Analysis of the Swarm Architecture¶
The Swarm Architecture leverages a hierarchical structure (forest) composed of individual trees, each containing agents specialized in specific domains. This design allows for:
- Modular and Scalable Organization: By separating agents into trees, it is easy to expand or contract the system by adding or removing trees or agents.
- Task Specialization: Each agent is specialized, which ensures that tasks are matched with the most appropriate agent based on relevance and expertise.
- Dynamic Matching: The architecture uses both keyword-based and embedding-based matching to assign tasks, ensuring a high level of accuracy in agent selection.
- Logging and Accountability: Each task execution is logged in detail, providing transparency and an audit trail of which agent handled which task and the results produced.
- Asynchronous Task Execution: The architecture can be adapted for asynchronous task processing, making it scalable and suitable for large-scale task handling in real-time systems.
Mermaid Diagram of the Swarm Architecture¶
graph TD
A[ForestSwarm] --> B[Financial Tree]
A --> C[Investment Tree]
B --> D[Stock Analysis Agent]
B --> E[Financial Planning Agent]
B --> F[Retirement Strategy Agent]
C --> G[Tax Filing Agent]
C --> H[Investment Strategy Agent]
C --> I[ROTH IRA Agent]
subgraph Tree Agents
D[Stock Analysis Agent]
E[Financial Planning Agent]
F[Retirement Strategy Agent]
G[Tax Filing Agent]
H[Investment Strategy Agent]
I[ROTH IRA Agent]
end
Explanation of the Diagram¶
- ForestSwarm: Represents the top-level structure managing multiple trees.
- Trees: In the example, two trees exist—Financial Tree and Investment Tree—each containing agents related to specific domains.
- Agents: Each agent within the tree is responsible for handling tasks in its area of expertise.
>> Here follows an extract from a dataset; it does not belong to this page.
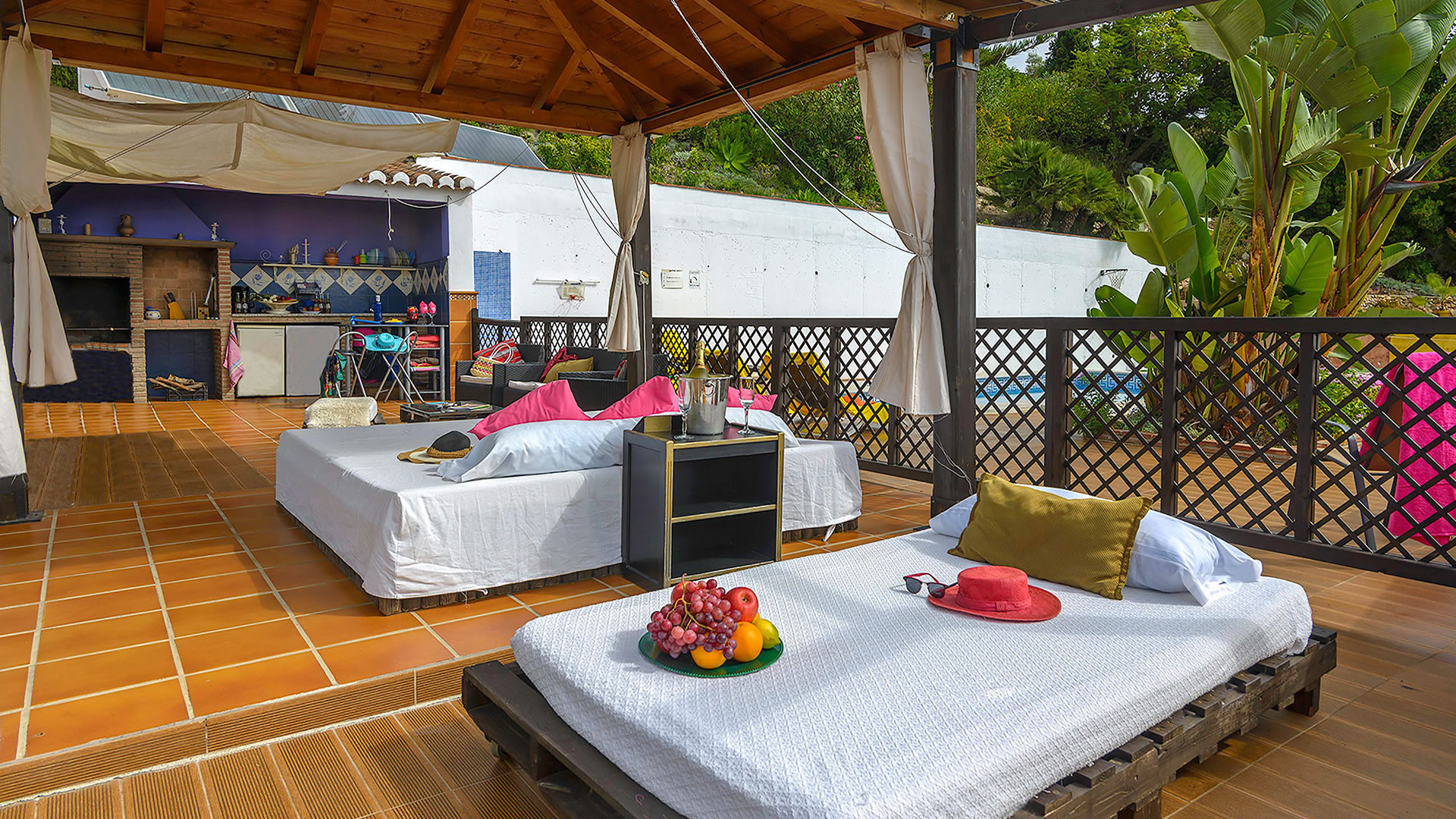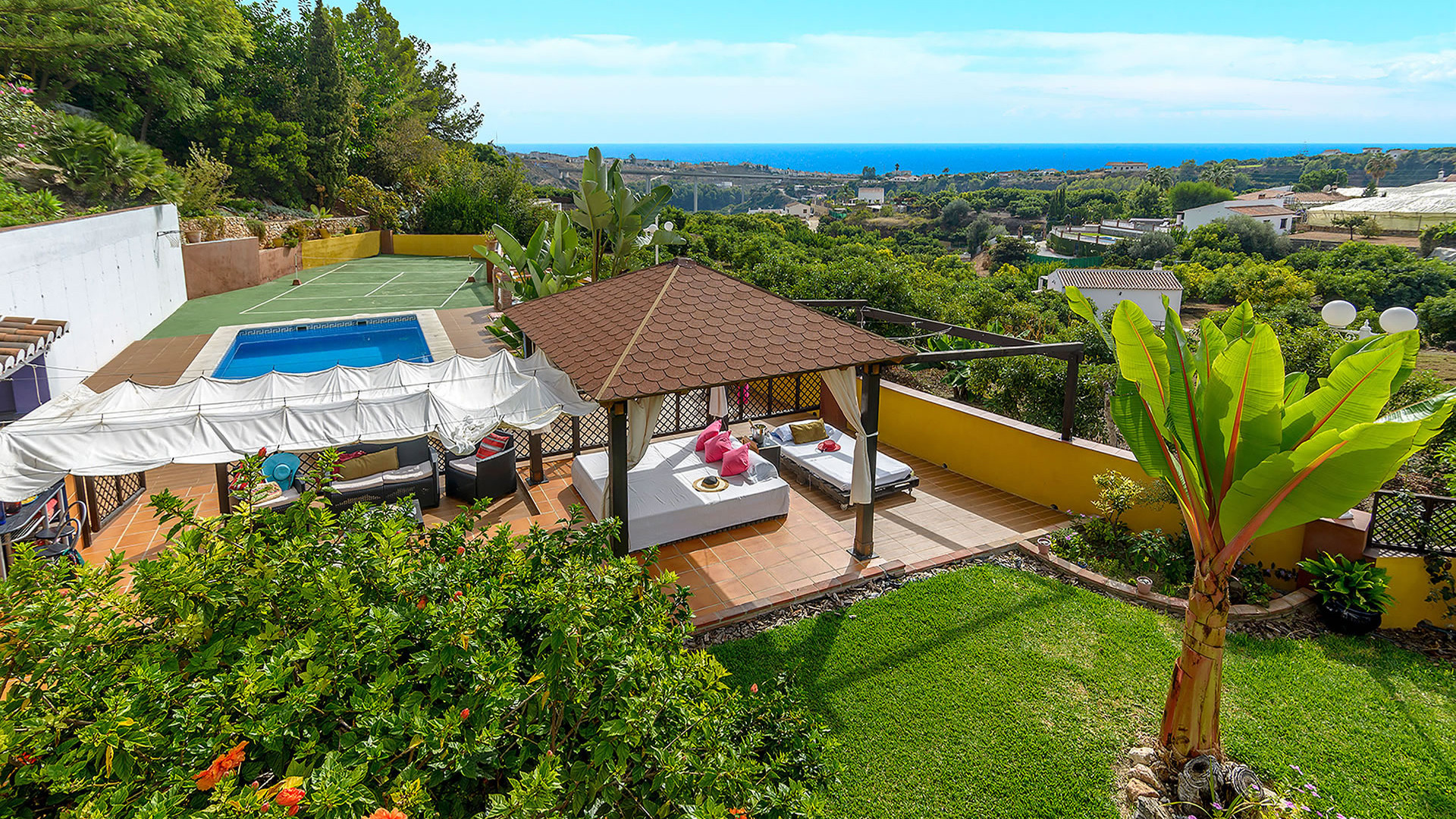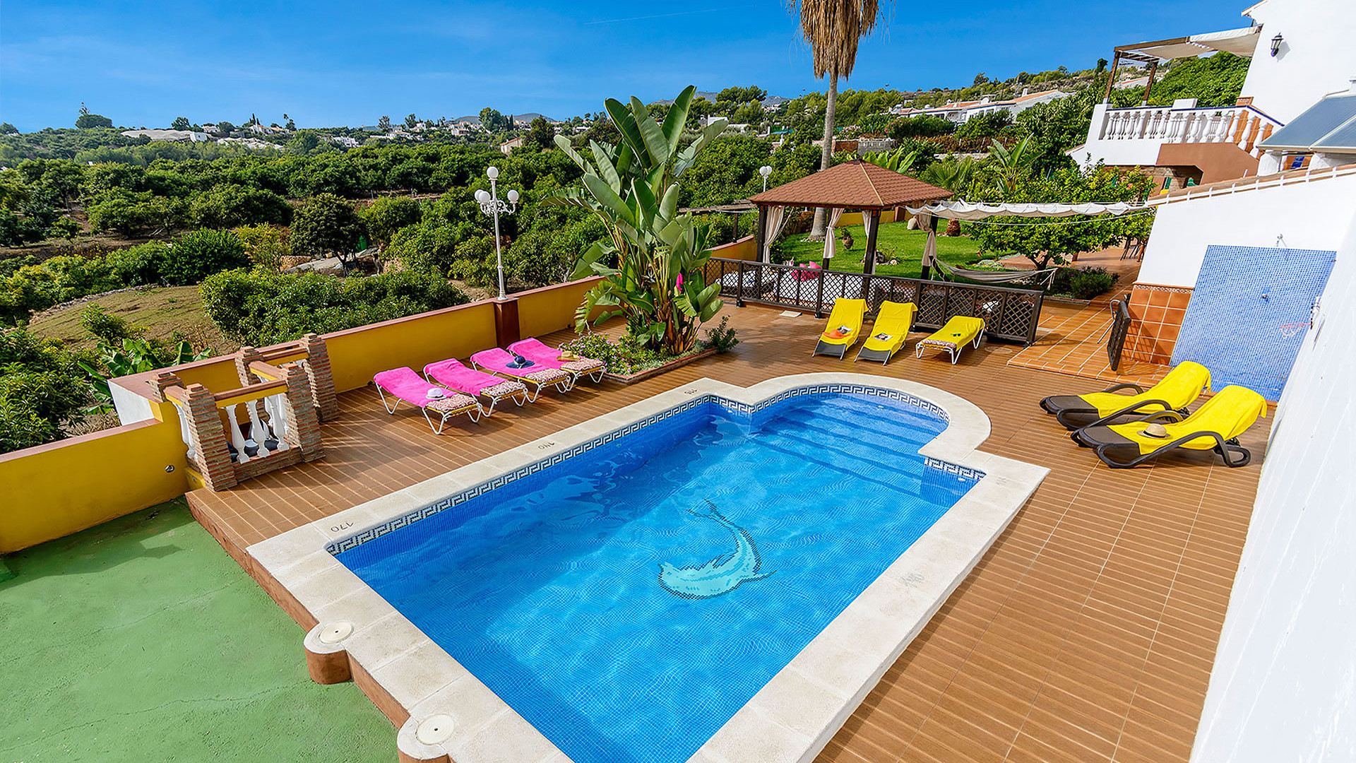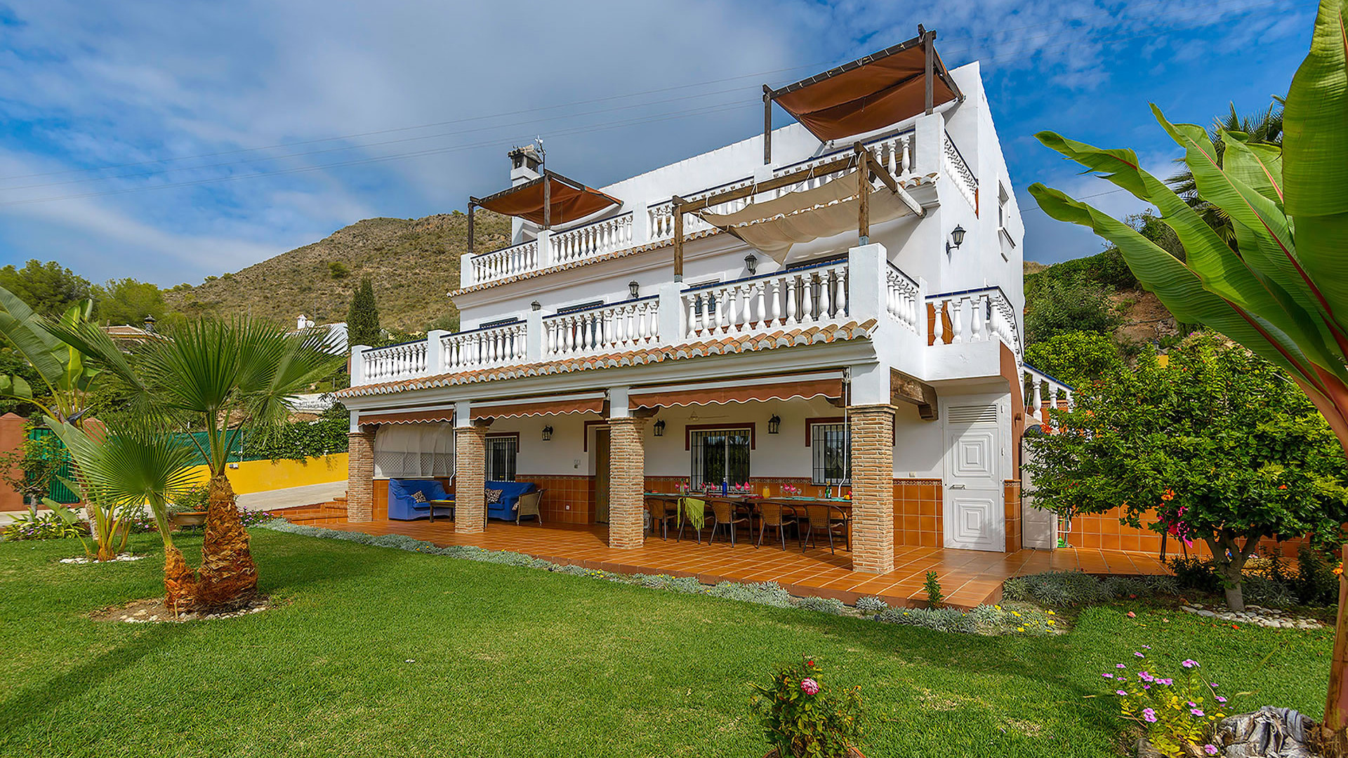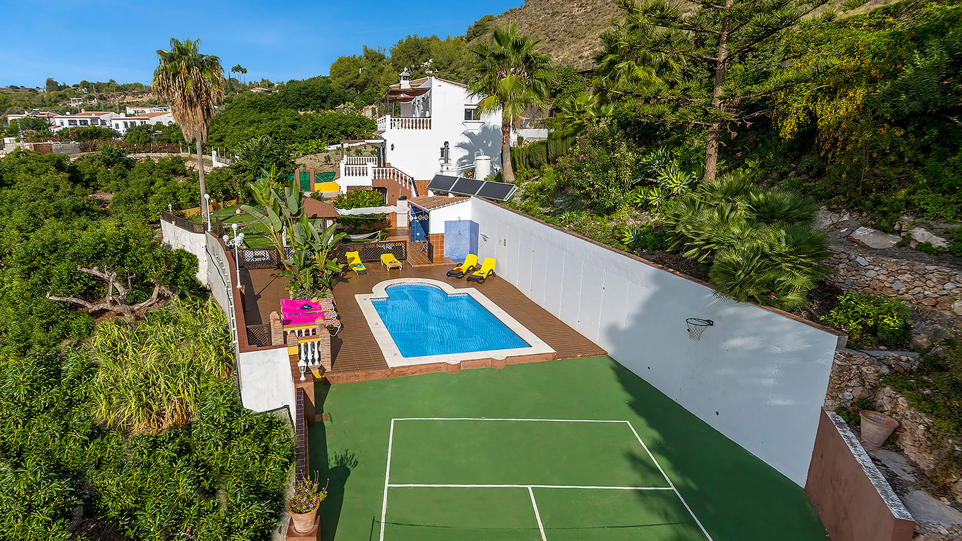 Die ländliche Lage dieses Anwesens, 2,5 km nordöstlich von Nerja, garantiert Ihnen Ruhe und Stille! Dennoch liegen die Supermärkte, Restaurants, Tapas-Bars und auch die Ausgeh-Möglichkeiten Nerjas nur einen Steinwurf entfernt und sind mit dem Auto schnell zu erreichen. Die umschlossenen Gärten am Haus sind Teil eines 2.600m2 großen privaten Landgutes. Sie beherbergen eine große Rasenfläche und ein eigenes Schwimmbecken von 9 x 5 Metern. Die schattige Veranda ist der ideale Ort für das Speisen unter freiem Himmel, oder um herrlich Siësta zu halten! Auch ein Grill ist vorhanden. Vom Ferienhaus und seinen prächtigen Gärten aus bietet sich Ihnen eine fantastische Aussicht über Nerja und die Umgebung bis ans Mittelmeer.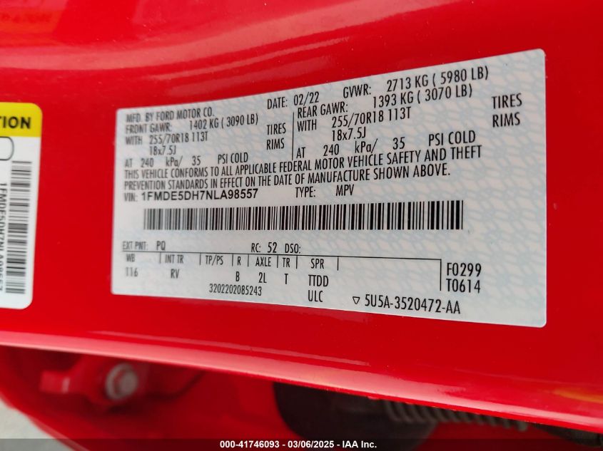 Color RedCylinders 4Drive Full driveVIN 1FMDE5DH7NL******State Run & Drive VerifiedDamage Front left AutoRIA

Agents within a tree are organized based on their prompt similarity (distance).
Summary¶
This Multi-Agent Tree Structure provides an efficient, scalable, and accurate architecture for delegating and executing tasks based on domain-specific expertise. The combination of hierarchical organization, dynamic task matching, and logging ensures reliability, performance, and transparency in task execution.